Hasilnya, mereka selalu berhasil mencuri perhatian dengan pendekatan baru yang jarang ditempuh musisi lain di skena lokal. “Lantas” menjadi bukti konsistensi itu: sederhana dalam premis, tetapi kaya dalam eksekusi.
Single ini resmi dirilis pada 12 September 2025, tak lama setelah mereka tampil di panggung PESTAPORA 2025, yang menjadi tajuk besar pertama FUFU CLAN. Momentum ini semakin menegaskan posisi mereka sebagai band yang serius membangun langkah, bukan hanya sekadar proyek jangka pendek.

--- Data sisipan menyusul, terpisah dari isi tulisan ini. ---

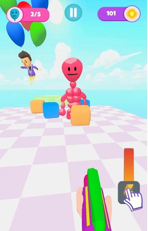 1、气球人过来后,点击屏幕进行射击,瞄准射击,点击气球人的头部。2、注意屏幕左侧的进度条。当能量充满时,它会爆发出惊人的力量。3、收集金币换取多款枪械皮肤,点击屏幕即可射击。
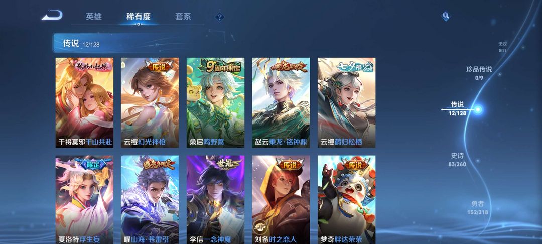 上不去看最后一张图贵族10,635皮伽罗典藏112传说,群星魔术团,落雪白狼,龙年全满,曦炫引,战鼓燎原时之奇旅,隐龙天啸,妄想实况,琥珀纪元

Selain menjadi kelanjutan proyek “transportasi umum”, “Lantas” sekaligus menjadi tanda bahwa FUFU CLAN tengah bersiap membuka dunia baru. Mereka mengonfirmasi bahwa setelah dua single ini, fokus mereka akan bergeser ke pengerjaan album debut yang dijadwalkan rampung di penghujung 2025.
Dengan segala warna, inspirasi, dan kejutan yang sudah mereka tunjukkan sejauh ini, album tersebut tampaknya akan menjadi salah satu rilisan yang patut ditunggu dari skena alternatif Indonesia.
FUFU CLAN, lewat “Lantas”, kembali membuktikan bahwa musik bisa lahir dari hal paling sehari-hari: kemacetan, perjalanan, dan nostalgia kecil yang dirasakan banyak orang. Bedanya, mereka mengolahnya menjadi sesuatu yang tak hanya bisa didengar, tapi juga bisa dirasakan, seperti potongan iklan yang terus terngiang lama setelah layar mati.